The words are gravitropic, growing down, and phototropic, growing up. There are two systems acting on a tree – the root system and the fruit system.
For a lot of people, we only get to see the fruit and enjoy the fruit. For the purposes of this presentation, the fruit is the models, insights, forecasts and recommendations.
But for me, the job is the things that people don’t really see, the things that people don’t even know exist sometimes – the pipelines, the cloud infrastructure and making sure the automated reports get to the right place at the right time.
Most of you probably didn’t even know I existed until I came up on stage.
Starting working in football
Our set-up at Manchester United, in terms of the data science team, is we have four people. We have two data scientists, who work closely with the coaches, they are almost front-facing, then we have a Machine Learning Scientist, a technical lead, called Andrew Davies.

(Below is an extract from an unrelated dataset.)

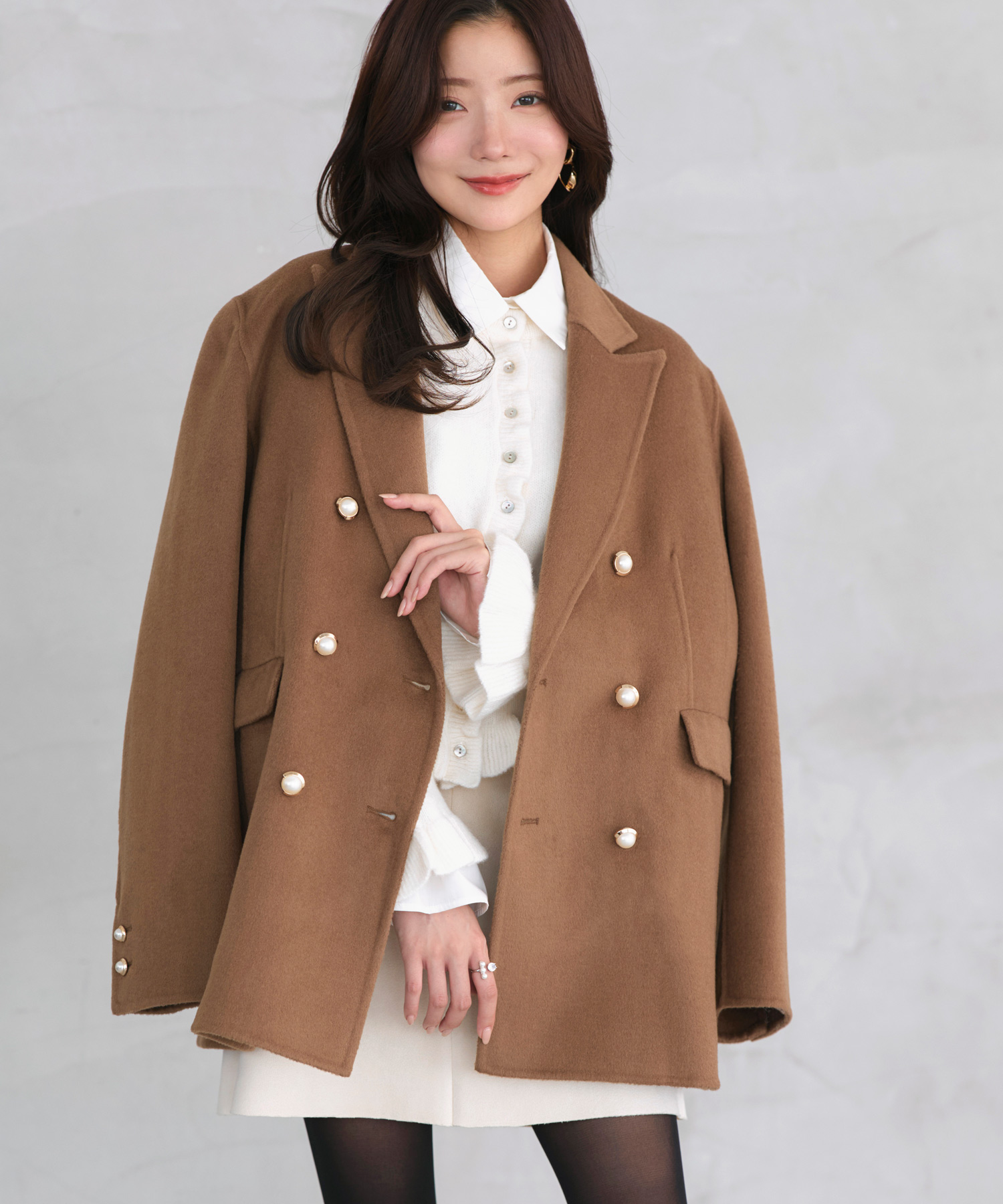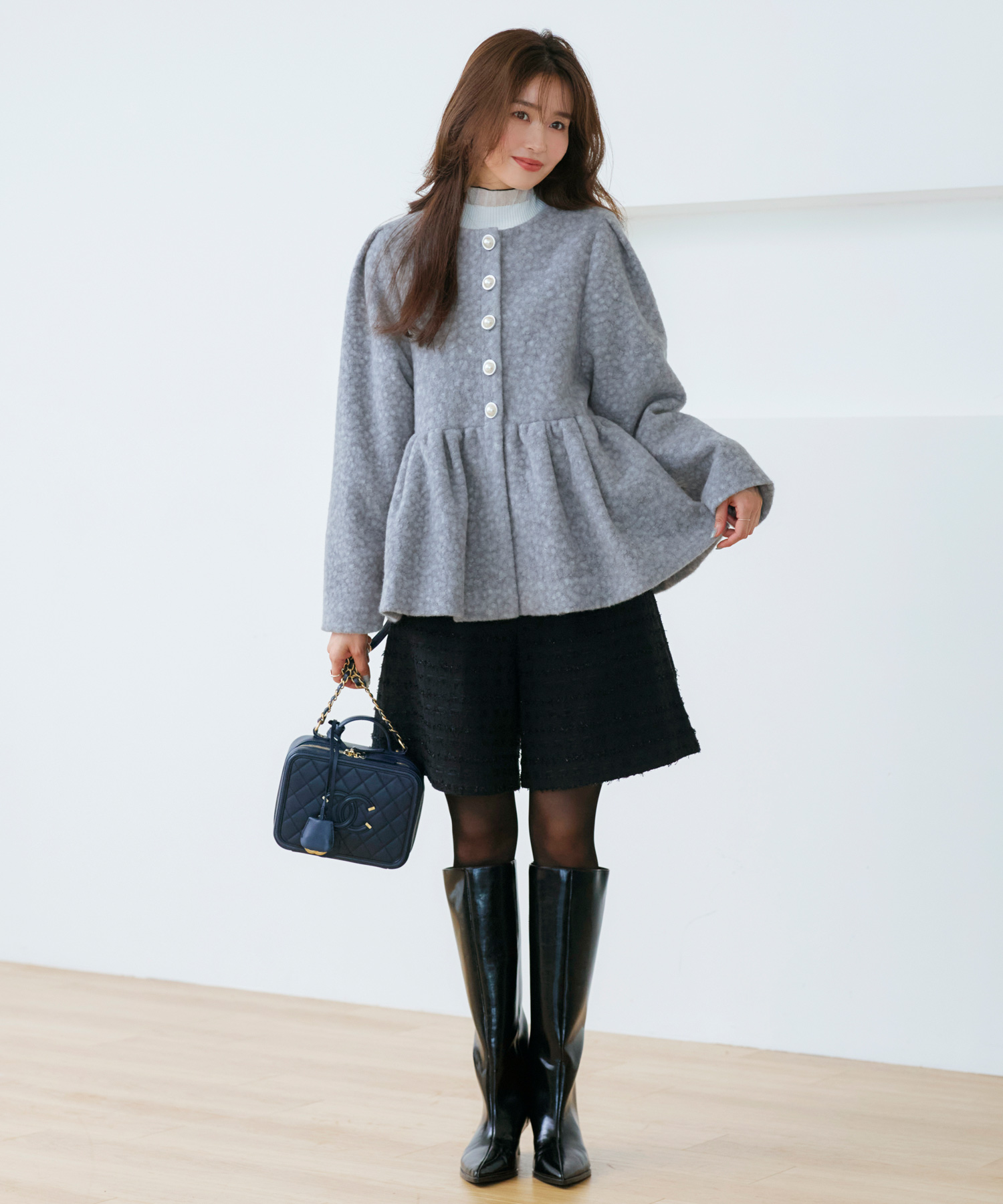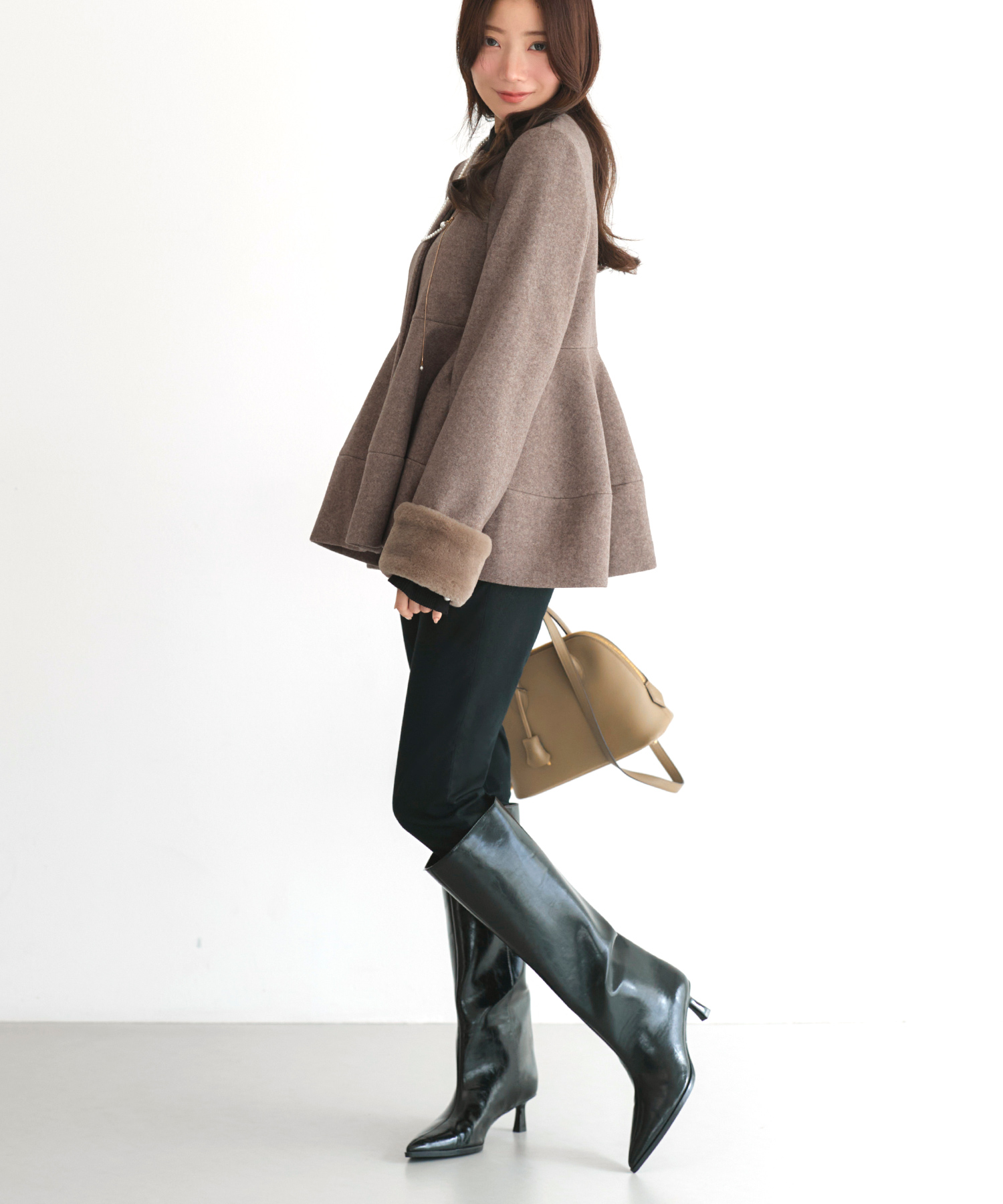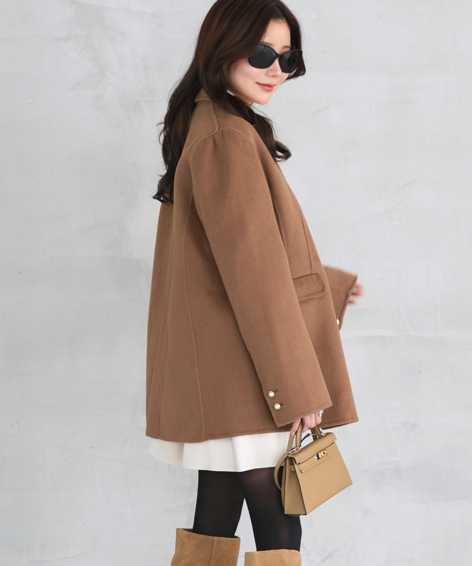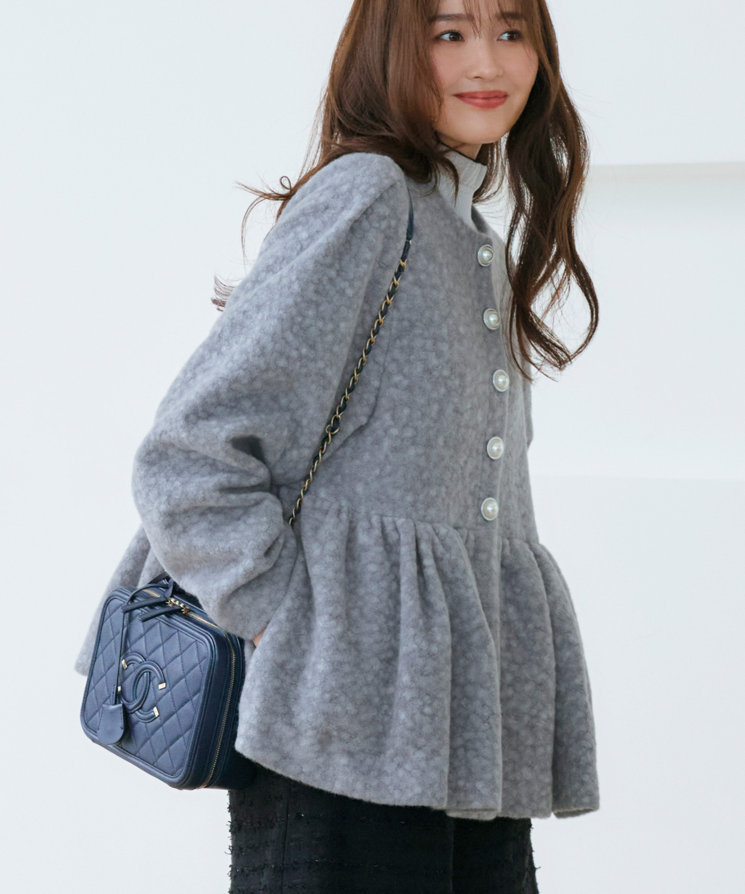 大人の女性に着てほしい甘すぎないデザインで今っぽいこなれ感もあわせもったアウターです。

I manage a partner team of Data Engineers who are not employed by us, but we partner with them to create our data infrastructure. I collaborate with the data scientists, I do data engineering, platform engineering, data strategy, data architecture, data modelling, IT security, cost control.
I do a lot of things and there are not really enough hours to do my role but you just have to make it work. I enjoy it, I absolutely love it. The most important thing is you have to be teachable and that’s what shocked me about football.
I had never worked in football before and was really excited to start my role. I had all these IT, architecture things before I started, I interviewed for this role for about four months and probably got to meet everyone in the organisation.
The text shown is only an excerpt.